3.16.2. Target Accession=NC_018591.1|Target_Pos=710566-710596, this is identified by a BLASTn search with all the CRISPR spacers (see above 3.16.1 and Figure 2c of PMID:30208287 [Stanley SY and Maxwell KL, 2018]: green diamond is the spacer and green arrow is its target and there must be a neighboring Acr [red arrow] expressed to avoid self-destruction) as query. In this case, the target’s positions are given, which is located within a 5000 bp region from the predicted Acr-Aca locus.
3.17. The Self Target Outside 5000 BP column shows that, outside a 5000 bp region of the Acr-Aca locus but within the same genome (maybe different contig), if there is a CRISPR-Cas spacer target (see Figure 2c of PMID:30208287 [Stanley SY and Maxwell KL, 2018]). If it is, then the chance that the locus encode an Acr is medium high. If not empty, the long string in this column has two parts separated by |, which is explained in 3.16.
Note it is very possible that your query genome does have an Acr-Aca locus output, but have no self-targeting CRISPR spacer or even no level 3 & 4 CRISPR-Cas systems (discussed in our paper) (i.e., both 3.16 and 3.17 columns are empty). For these cases, if they have level 3 & 4 CRISPR-Cas systems, they are labeled as "low confidence" loci. If they do not have level 3 & 4 CRISPR-Cas systems, they will not show up in the Guilt by Association section, but may appear in the Homology Based section.
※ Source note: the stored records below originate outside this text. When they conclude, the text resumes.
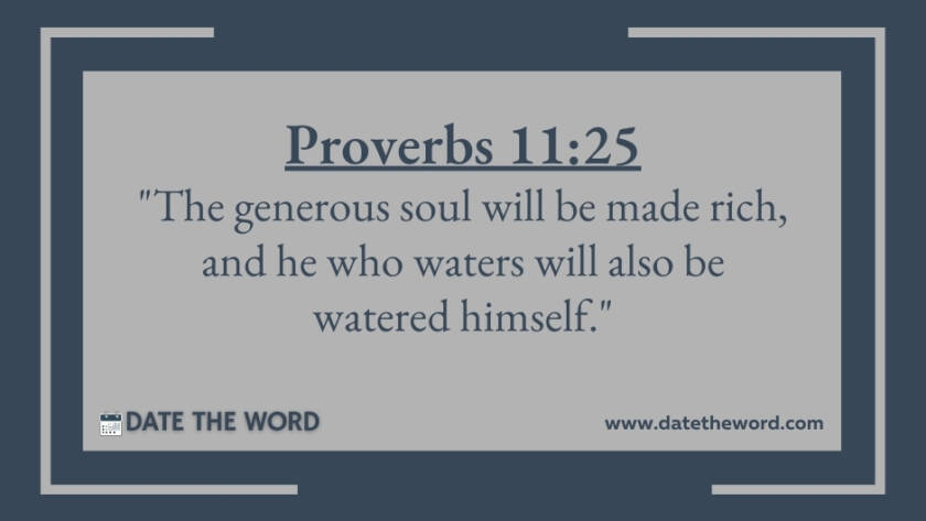 Proverbs 11:25 "The generous soul will be made rich, and he who waters will also be watered himself."
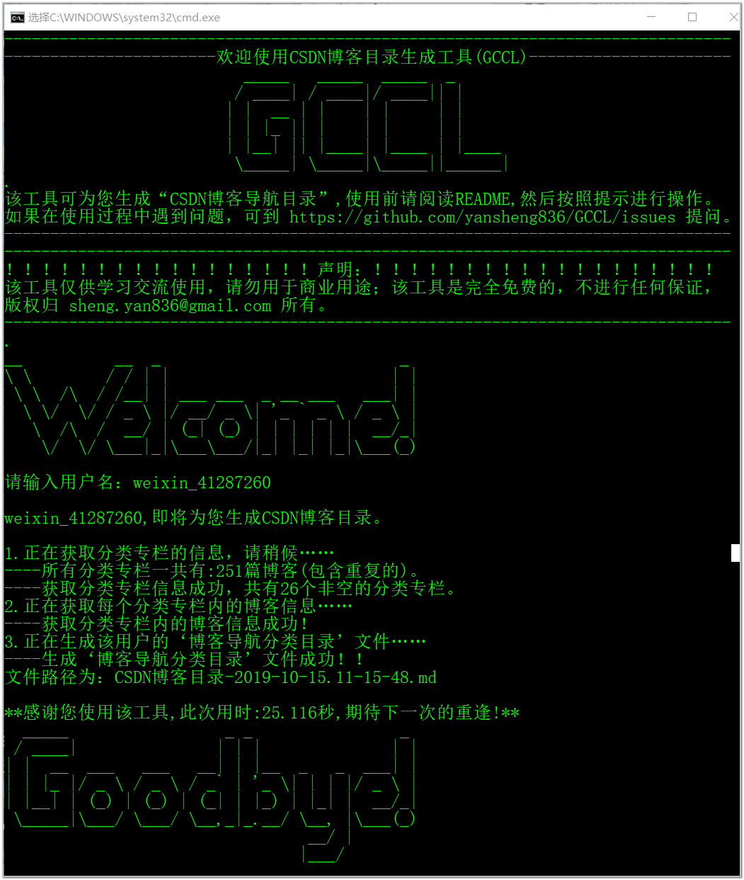 然后输入用户名,稍等片刻,即可在当前目录生成CSDN博客目录.md文件,复制到CSDN的markdown编辑器即可,当然你也可以添加一些说明。
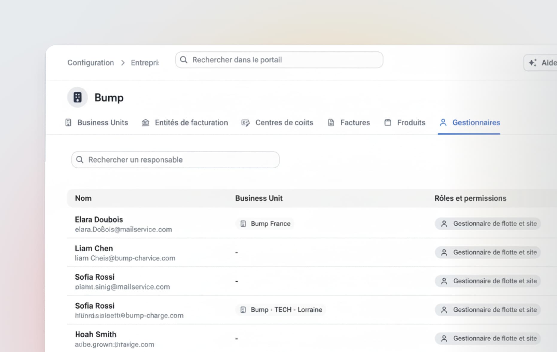 Ajouter, modifier ou révoquer des gestionnaires directement depuis le portail Bump en toute autonomie.
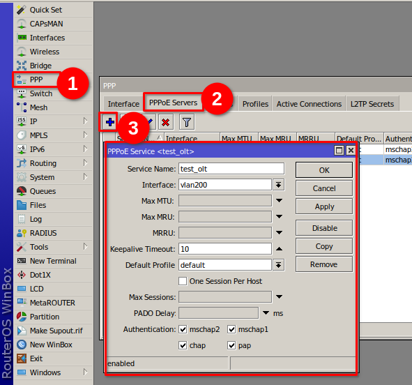 Creamos un PPOE Server en la vlan 200

4. The Genome Context of Acr-Aca Loci
The Genome Context of Acr-Aca Loci is displayed using JBrowse. Each gene in the loci is highlighted in yellow. Furthermore, this genome browser could zoom in/out or go to left or right of the loci neighborhood. If there are loci identified in > 1 NC/contig IDs, and you want to see the neighborhood in the other NC ID, you need to choose another NC ID by yourself (click the drop-down menu right behind the magnifier) and zoom in the neighborhood of identified loci by yourself (the loci will also be highlighted in yellow).
5. Homology Based
The second section of result page is Homology Based, which are presented in the same way as Guilt by Association. The table does not have Classification, CDD MetaData, Self Target w/in 5000 BP column, and Self Target outside 5000 BP columns. But it has a Genome_Loci|start|end column.
Loci from Homology Based results must have at least one homolog to known Acr (described in the Acr_Hit|pident column). See workflow for how to qualify a Homology Based Acr locus.
6. When no Acr-Aca loci is identified
There are only a small number of experimentally characterized Acr-Aca loci and they are biased towards certain bacteria (see Yin et al.).
Threfore, it is very possible that no Acr-Aca loci are identified in your query genome, and you will see this page.
7. When user uploads invalid data
If you submit invalid input (empty input, input with invalid FASTA format), our website will reject your submission and suggest you to try a valid input.